- **Exercise directions**:
The reply should be an exact repeat of the listing, with no pictures in it.

- **Dataset excerpts**:
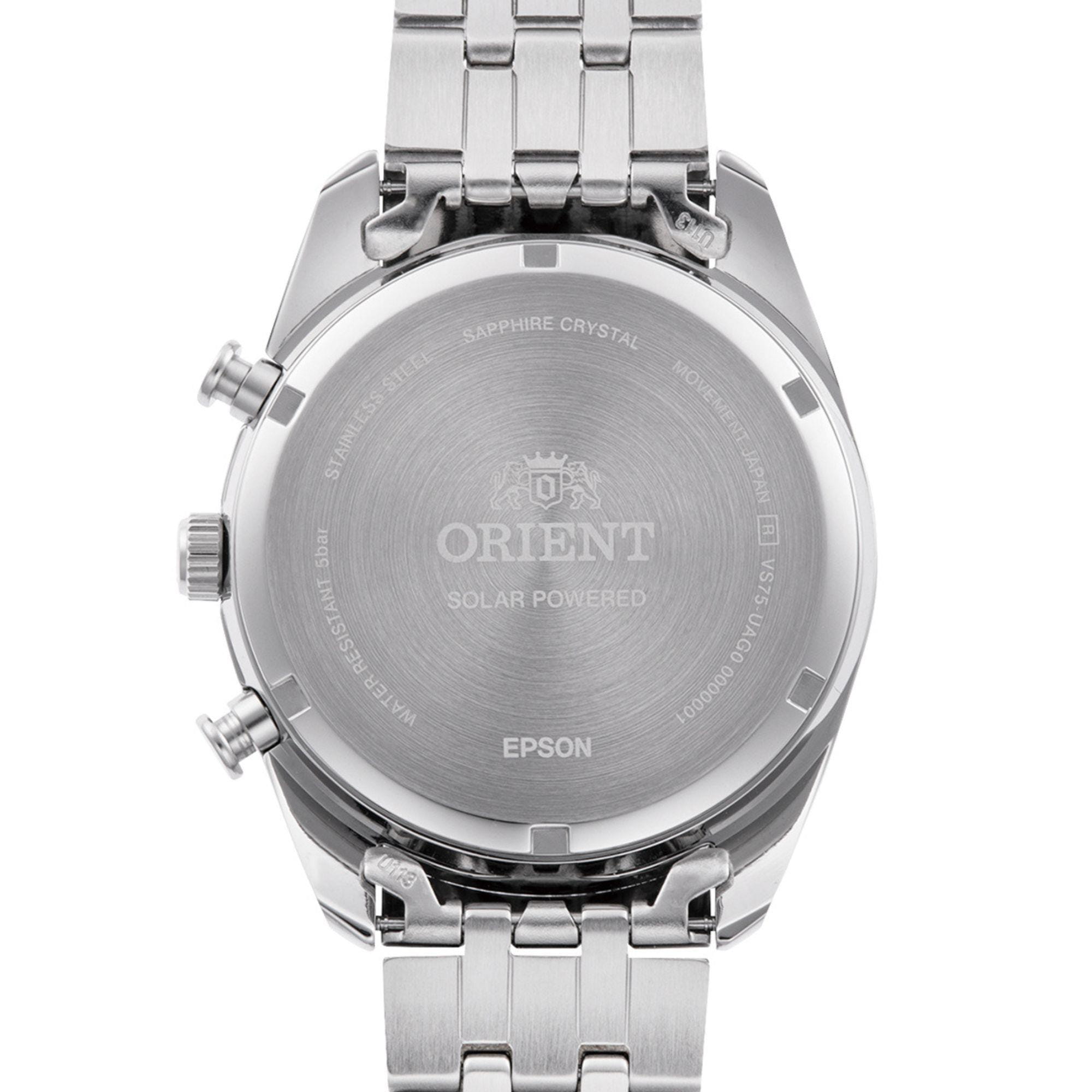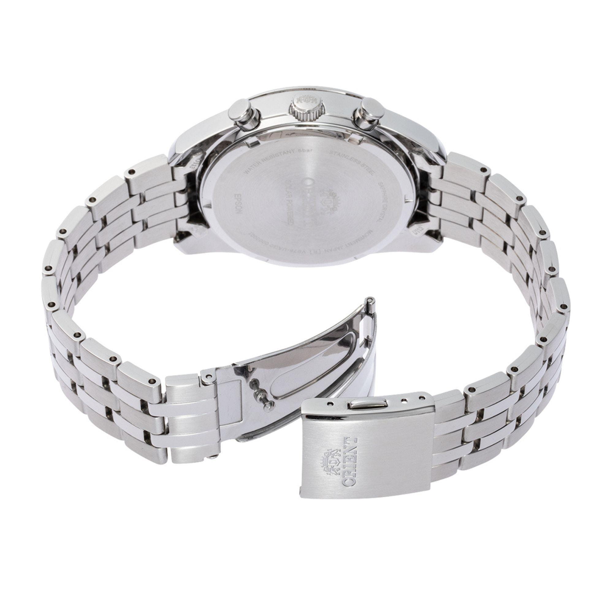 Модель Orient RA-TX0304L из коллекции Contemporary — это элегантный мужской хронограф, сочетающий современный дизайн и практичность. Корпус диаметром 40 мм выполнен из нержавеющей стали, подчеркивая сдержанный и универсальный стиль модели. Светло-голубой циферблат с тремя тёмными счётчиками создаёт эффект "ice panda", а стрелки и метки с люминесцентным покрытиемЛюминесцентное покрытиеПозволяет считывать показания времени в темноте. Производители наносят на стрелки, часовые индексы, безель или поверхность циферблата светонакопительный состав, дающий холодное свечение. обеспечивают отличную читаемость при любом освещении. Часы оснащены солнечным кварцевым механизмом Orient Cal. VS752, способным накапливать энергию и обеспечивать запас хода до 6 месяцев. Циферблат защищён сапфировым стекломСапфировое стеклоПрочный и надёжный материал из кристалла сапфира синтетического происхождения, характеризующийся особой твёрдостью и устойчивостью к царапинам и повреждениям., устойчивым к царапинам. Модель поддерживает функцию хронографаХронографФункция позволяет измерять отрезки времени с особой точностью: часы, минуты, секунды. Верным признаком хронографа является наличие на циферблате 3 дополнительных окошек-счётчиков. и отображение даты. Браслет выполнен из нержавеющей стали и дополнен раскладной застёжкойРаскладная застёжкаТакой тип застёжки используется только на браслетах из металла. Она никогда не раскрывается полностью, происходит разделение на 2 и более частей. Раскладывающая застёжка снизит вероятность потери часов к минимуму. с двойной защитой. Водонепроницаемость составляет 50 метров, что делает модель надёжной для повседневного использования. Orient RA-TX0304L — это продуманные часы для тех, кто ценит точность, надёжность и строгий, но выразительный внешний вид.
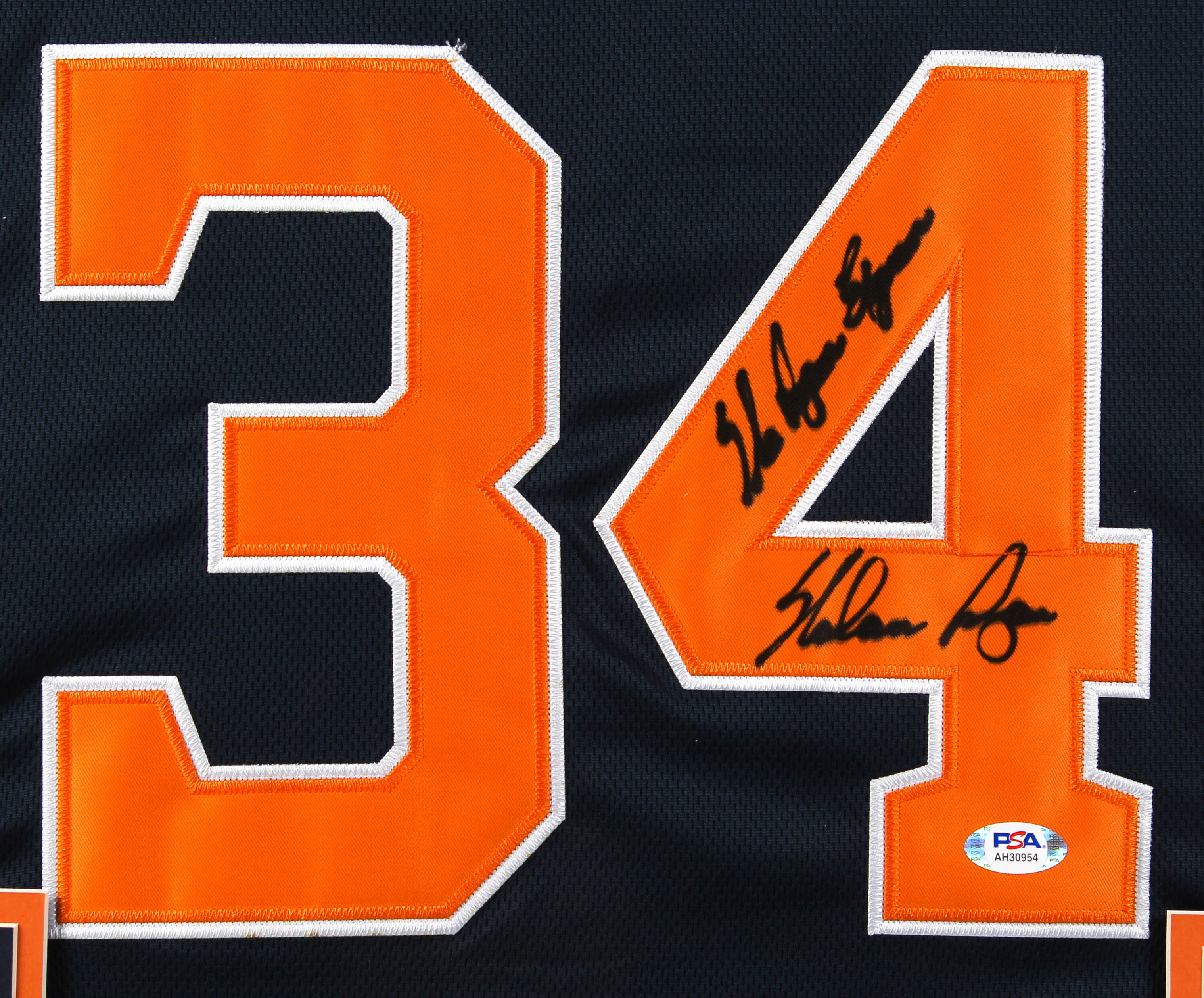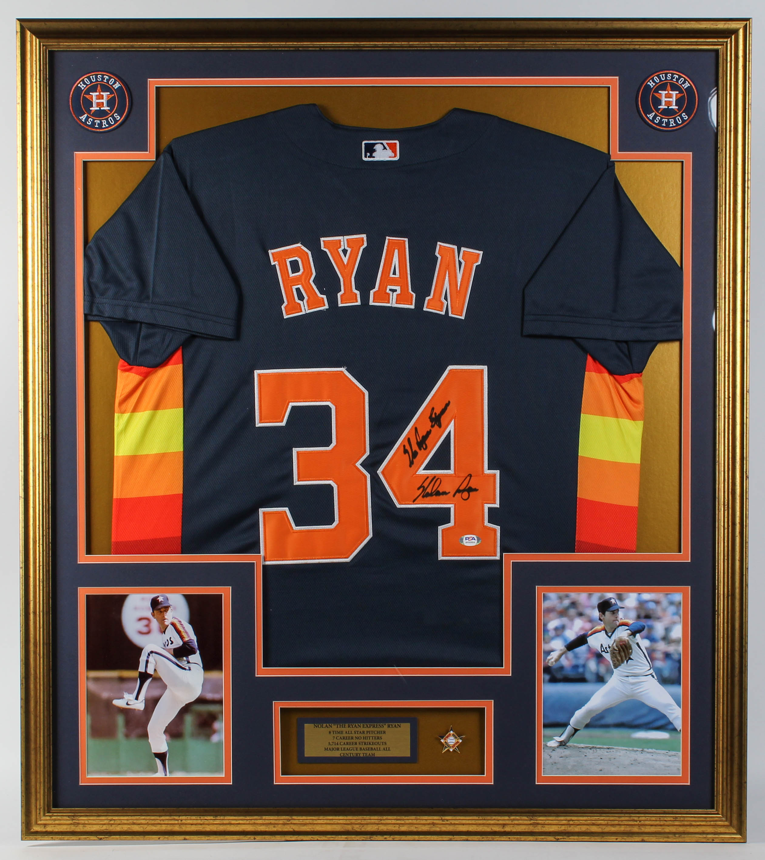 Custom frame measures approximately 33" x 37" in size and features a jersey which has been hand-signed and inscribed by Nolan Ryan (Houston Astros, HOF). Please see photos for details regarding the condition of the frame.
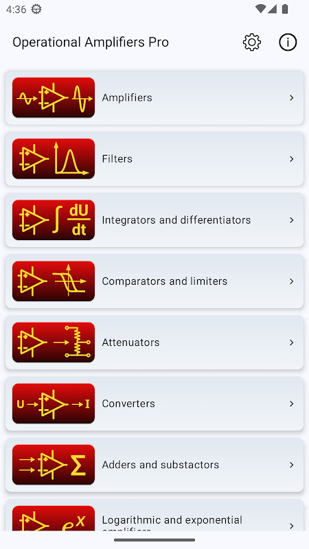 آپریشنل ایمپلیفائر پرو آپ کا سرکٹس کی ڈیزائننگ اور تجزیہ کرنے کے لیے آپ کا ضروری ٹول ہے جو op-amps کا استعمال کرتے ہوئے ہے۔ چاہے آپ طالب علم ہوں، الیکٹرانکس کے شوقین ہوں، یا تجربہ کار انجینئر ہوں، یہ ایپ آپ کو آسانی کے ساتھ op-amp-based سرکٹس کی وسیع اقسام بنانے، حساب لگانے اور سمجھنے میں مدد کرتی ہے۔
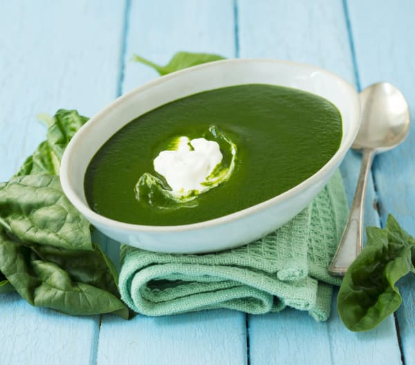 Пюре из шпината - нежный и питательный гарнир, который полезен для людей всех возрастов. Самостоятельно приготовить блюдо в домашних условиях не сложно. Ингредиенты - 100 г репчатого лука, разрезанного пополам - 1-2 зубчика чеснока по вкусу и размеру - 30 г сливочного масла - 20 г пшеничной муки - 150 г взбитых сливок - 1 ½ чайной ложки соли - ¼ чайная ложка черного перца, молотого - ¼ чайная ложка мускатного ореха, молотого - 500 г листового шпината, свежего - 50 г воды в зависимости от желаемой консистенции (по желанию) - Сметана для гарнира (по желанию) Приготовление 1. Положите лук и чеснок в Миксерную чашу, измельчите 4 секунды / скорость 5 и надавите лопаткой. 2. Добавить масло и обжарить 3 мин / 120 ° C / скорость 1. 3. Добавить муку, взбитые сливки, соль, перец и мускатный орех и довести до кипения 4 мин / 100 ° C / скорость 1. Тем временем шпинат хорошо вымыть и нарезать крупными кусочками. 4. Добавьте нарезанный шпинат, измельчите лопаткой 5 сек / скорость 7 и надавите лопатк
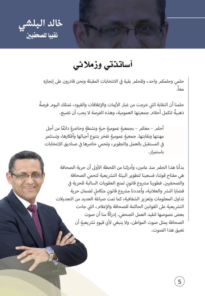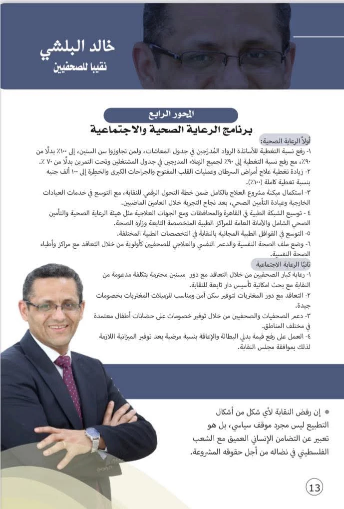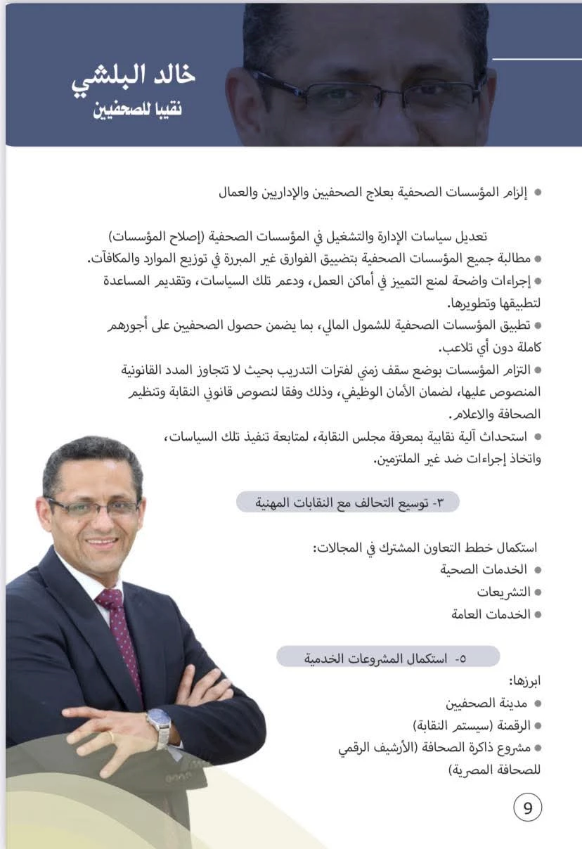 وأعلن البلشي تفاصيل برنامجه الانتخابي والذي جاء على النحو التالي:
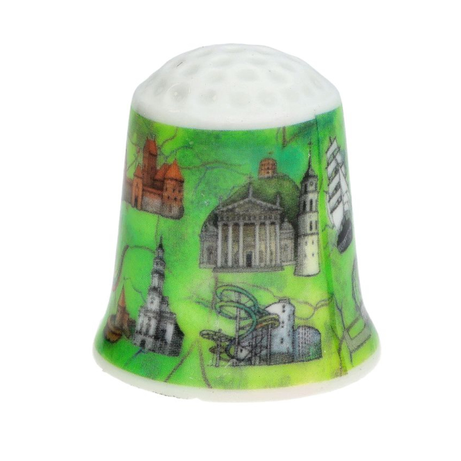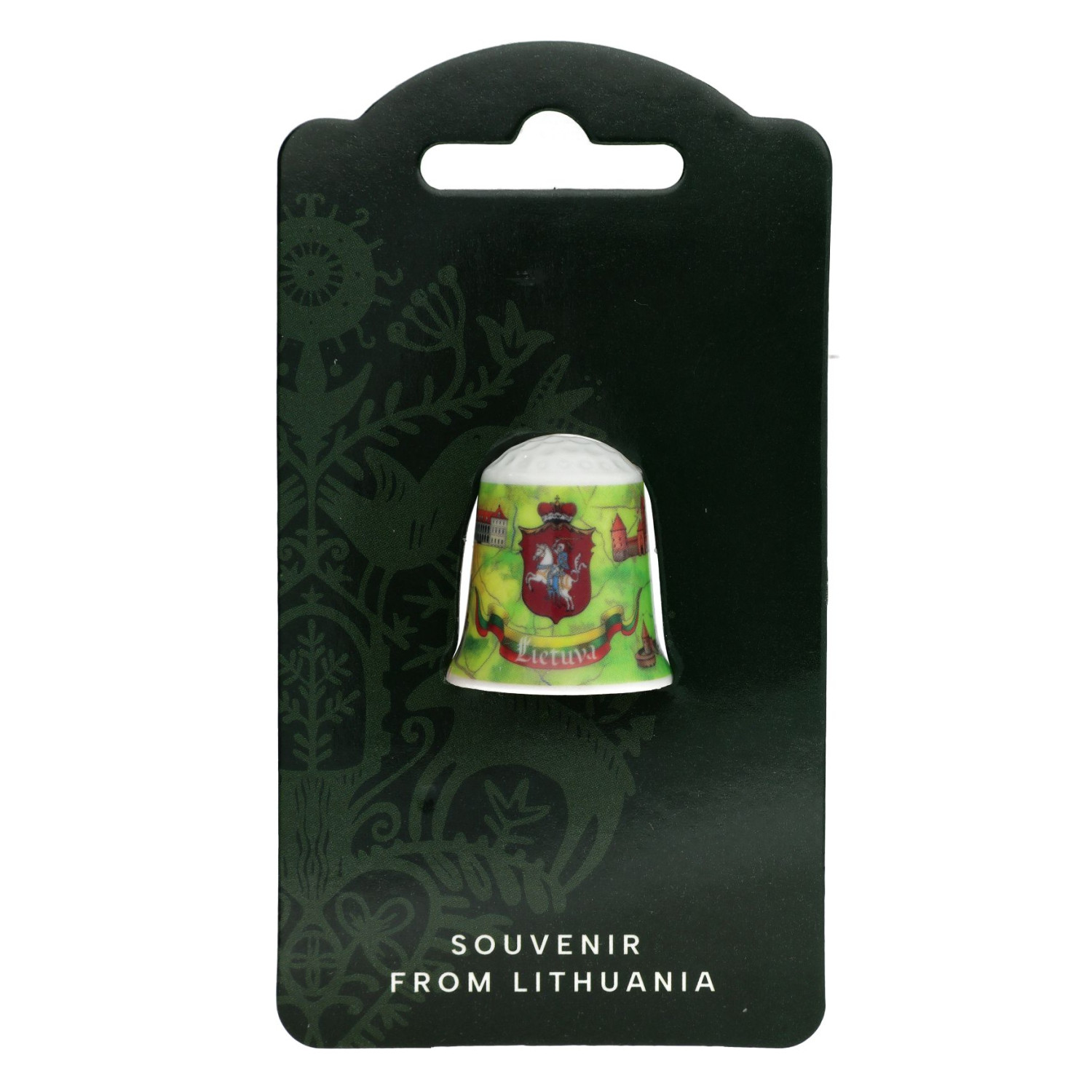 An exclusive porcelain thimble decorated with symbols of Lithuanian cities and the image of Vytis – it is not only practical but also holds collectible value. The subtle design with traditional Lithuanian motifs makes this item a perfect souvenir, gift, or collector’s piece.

- **Written answer**:
 Модель Orient RA-TX0304L из коллекции Contemporary — это элегантный мужской хронограф, сочетающий современный дизайн и практичность. Корпус диаметром 40 мм выполнен из нержавеющей стали, подчеркивая сдержанный и универсальный стиль модели. Светло-голубой циферблат с тремя тёмными счётчиками создаёт эффект "ice panda", а стрелки и метки с люминесцентным покрытиемЛюминесцентное покрытиеПозволяет считывать показания времени в темноте. Производители наносят на стрелки, часовые индексы, безель или поверхность циферблата светонакопительный состав, дающий холодное свечение. обеспечивают отличную читаемость при любом освещении. Часы оснащены солнечным кварцевым механизмом Orient Cal. VS752, способным накапливать энергию и обеспечивать запас хода до 6 месяцев. Циферблат защищён сапфировым стекломСапфировое стеклоПрочный и надёжный материал из кристалла сапфира синтетического происхождения, характеризующийся особой твёрдостью и устойчивостью к царапинам и повреждениям., устойчивым к царапинам. Модель поддерживает функцию хронографаХронографФункция позволяет измерять отрезки времени с особой точностью: часы, минуты, секунды. Верным признаком хронографа является наличие на циферблате 3 дополнительных окошек-счётчиков. и отображение даты. Браслет выполнен из нержавеющей стали и дополнен раскладной застёжкойРаскладная застёжкаТакой тип застёжки используется только на браслетах из металла. Она никогда не раскрывается полностью, происходит разделение на 2 и более частей. Раскладывающая застёжка снизит вероятность потери часов к минимуму. с двойной защитой. Водонепроницаемость составляет 50 метров, что делает модель надёжной для повседневного использования. Orient RA-TX0304L — это продуманные часы для тех, кто ценит точность, надёжность и строгий, но выразительный внешний вид.
 Custom frame measures approximately 33" x 37" in size and features a jersey which has been hand-signed and inscribed by Nolan Ryan (Houston Astros, HOF). Please see photos for details regarding the condition of the frame.
 آپریشنل ایمپلیفائر پرو آپ کا سرکٹس کی ڈیزائننگ اور تجزیہ کرنے کے لیے آپ کا ضروری ٹول ہے جو op-amps کا استعمال کرتے ہوئے ہے۔ چاہے آپ طالب علم ہوں، الیکٹرانکس کے شوقین ہوں، یا تجربہ کار انجینئر ہوں، یہ ایپ آپ کو آسانی کے ساتھ op-amp-based سرکٹس کی وسیع اقسام بنانے، حساب لگانے اور سمجھنے میں مدد کرتی ہے۔
 Пюре из шпината - нежный и питательный гарнир, который полезен для людей всех возрастов. Самостоятельно приготовить блюдо в домашних условиях не сложно. Ингредиенты - 100 г репчатого лука, разрезанного пополам - 1-2 зубчика чеснока по вкусу и размеру - 30 г сливочного масла - 20 г пшеничной муки - 150 г взбитых сливок - 1 ½ чайной ложки соли - ¼ чайная ложка черного перца, молотого - ¼ чайная ложка мускатного ореха, молотого - 500 г листового шпината, свежего - 50 г воды в зависимости от желаемой консистенции (по желанию) - Сметана для гарнира (по желанию) Приготовление 1. Положите лук и чеснок в Миксерную чашу, измельчите 4 секунды / скорость 5 и надавите лопаткой. 2. Добавить масло и обжарить 3 мин / 120 ° C / скорость 1. 3. Добавить муку, взбитые сливки, соль, перец и мускатный орех и довести до кипения 4 мин / 100 ° C / скорость 1. Тем временем шпинат хорошо вымыть и нарезать крупными кусочками. 4. Добавьте нарезанный шпинат, измельчите лопаткой 5 сек / скорость 7 и надавите лопатк
 وأعلن البلشي تفاصيل برنامجه الانتخابي والذي جاء على النحو التالي:
 An exclusive porcelain thimble decorated with symbols of Lithuanian cities and the image of Vytis – it is not only practical but also holds collectible value. The subtle design with traditional Lithuanian motifs makes this item a perfect souvenir, gift, or collector’s piece.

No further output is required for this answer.